▶ [Data under study]
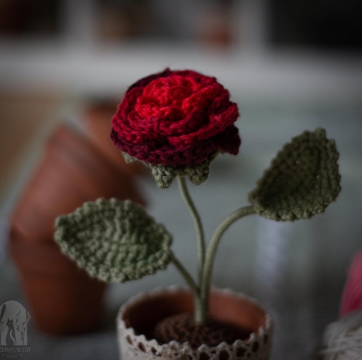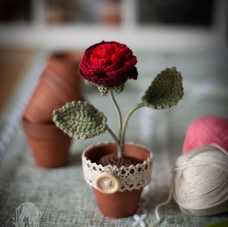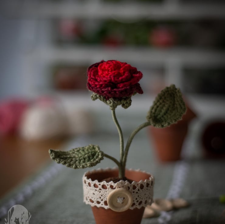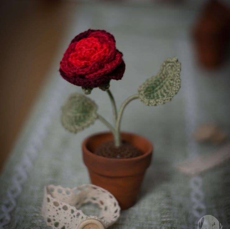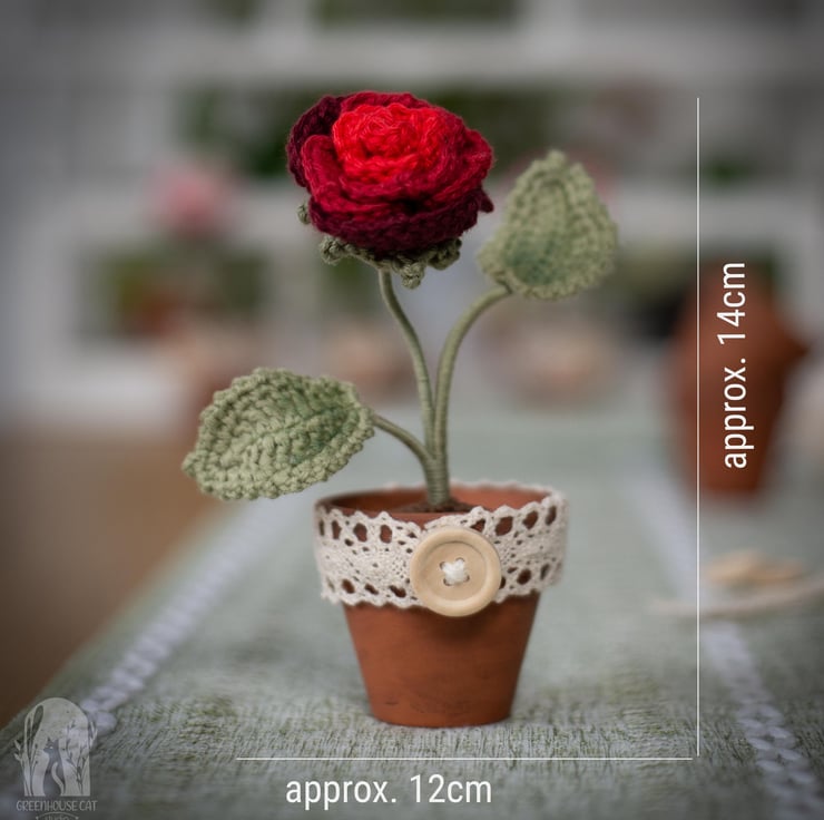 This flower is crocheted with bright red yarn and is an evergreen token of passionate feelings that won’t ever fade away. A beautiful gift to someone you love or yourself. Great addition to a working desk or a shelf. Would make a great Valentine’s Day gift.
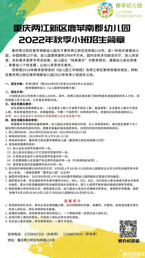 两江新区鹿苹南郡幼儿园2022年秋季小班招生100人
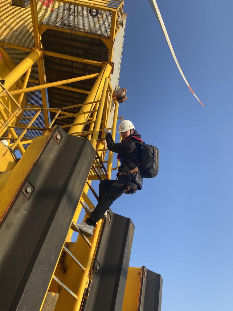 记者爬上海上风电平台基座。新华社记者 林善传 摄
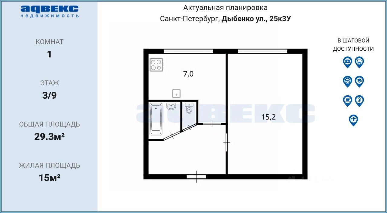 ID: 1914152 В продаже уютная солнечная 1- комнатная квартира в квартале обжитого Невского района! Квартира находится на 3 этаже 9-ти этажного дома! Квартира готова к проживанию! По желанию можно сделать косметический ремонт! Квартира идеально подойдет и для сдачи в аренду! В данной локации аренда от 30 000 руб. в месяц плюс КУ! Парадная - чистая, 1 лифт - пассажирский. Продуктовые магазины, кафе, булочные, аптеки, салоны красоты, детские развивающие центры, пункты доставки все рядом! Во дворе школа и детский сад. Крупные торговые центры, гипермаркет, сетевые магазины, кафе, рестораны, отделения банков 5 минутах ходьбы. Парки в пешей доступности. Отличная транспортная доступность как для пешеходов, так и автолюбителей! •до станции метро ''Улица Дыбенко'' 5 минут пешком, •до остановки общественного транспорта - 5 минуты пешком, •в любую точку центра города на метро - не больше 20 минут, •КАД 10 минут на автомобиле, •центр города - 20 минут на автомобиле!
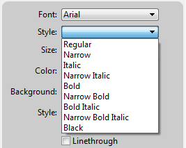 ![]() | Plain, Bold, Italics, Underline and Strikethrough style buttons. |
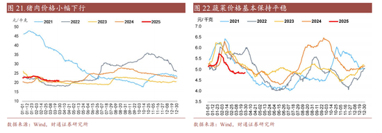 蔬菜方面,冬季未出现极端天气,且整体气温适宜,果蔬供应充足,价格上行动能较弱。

==

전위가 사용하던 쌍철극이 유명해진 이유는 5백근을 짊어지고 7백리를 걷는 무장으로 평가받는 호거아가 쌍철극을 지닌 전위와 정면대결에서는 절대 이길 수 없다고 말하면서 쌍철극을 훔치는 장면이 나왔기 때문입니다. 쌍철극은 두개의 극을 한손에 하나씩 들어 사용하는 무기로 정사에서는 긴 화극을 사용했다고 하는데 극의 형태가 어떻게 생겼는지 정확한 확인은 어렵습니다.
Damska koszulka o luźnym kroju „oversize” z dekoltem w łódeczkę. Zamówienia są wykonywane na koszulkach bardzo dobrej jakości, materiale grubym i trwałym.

...

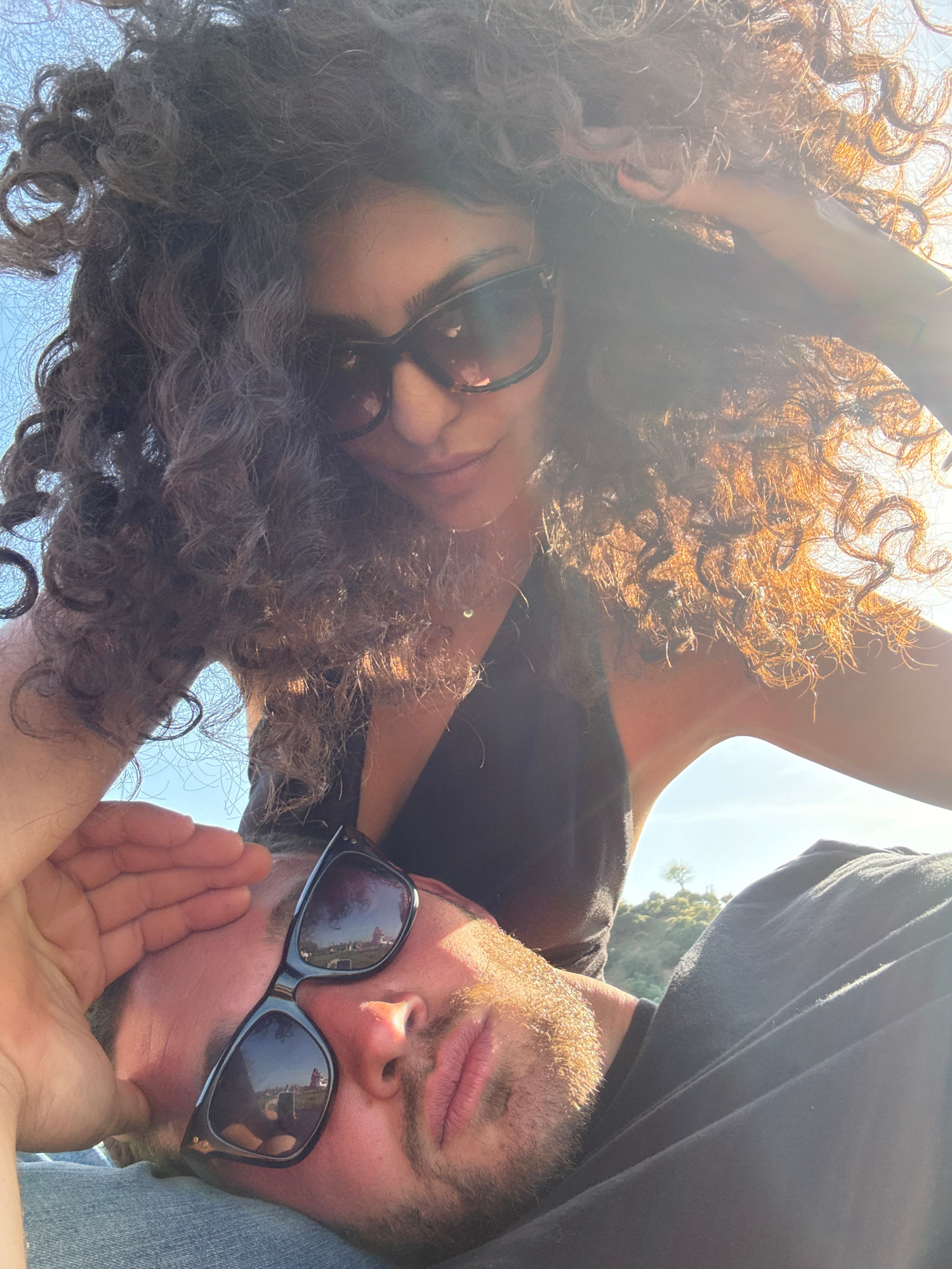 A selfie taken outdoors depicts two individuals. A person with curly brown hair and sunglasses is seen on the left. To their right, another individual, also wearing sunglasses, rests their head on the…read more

▶ [Problem requirements] In the listing above, find the line with "记者爬上海上风电平台基座。新华社记者 林善传 摄" and the line with "蔬菜方面,冬季未出现极端天气,且整体气温适宜,果蔬供应充足,价格上行动能较弱。". Transcribe those two and everything between, exactly, leaving out pictures.

▶ [Written reply]
 记者爬上海上风电平台基座。新华社记者 林善传 摄
 ID: 1914152 В продаже уютная солнечная 1- комнатная квартира в квартале обжитого Невского района! Квартира находится на 3 этаже 9-ти этажного дома! Квартира готова к проживанию! По желанию можно сделать косметический ремонт! Квартира идеально подойдет и для сдачи в аренду! В данной локации аренда от 30 000 руб. в месяц плюс КУ! Парадная - чистая, 1 лифт - пассажирский. Продуктовые магазины, кафе, булочные, аптеки, салоны красоты, детские развивающие центры, пункты доставки все рядом! Во дворе школа и детский сад. Крупные торговые центры, гипермаркет, сетевые магазины, кафе, рестораны, отделения банков 5 минутах ходьбы. Парки в пешей доступности. Отличная транспортная доступность как для пешеходов, так и автолюбителей! •до станции метро ''Улица Дыбенко'' 5 минут пешком, •до остановки общественного транспорта - 5 минуты пешком, •в любую точку центра города на метро - не больше 20 минут, •КАД 10 минут на автомобиле, •центр города - 20 минут на автомобиле!
 ![]() | Plain, Bold, Italics, Underline and Strikethrough style buttons. |
 蔬菜方面,冬季未出现极端天气,且整体气温适宜,果蔬供应充足,价格上行动能较弱。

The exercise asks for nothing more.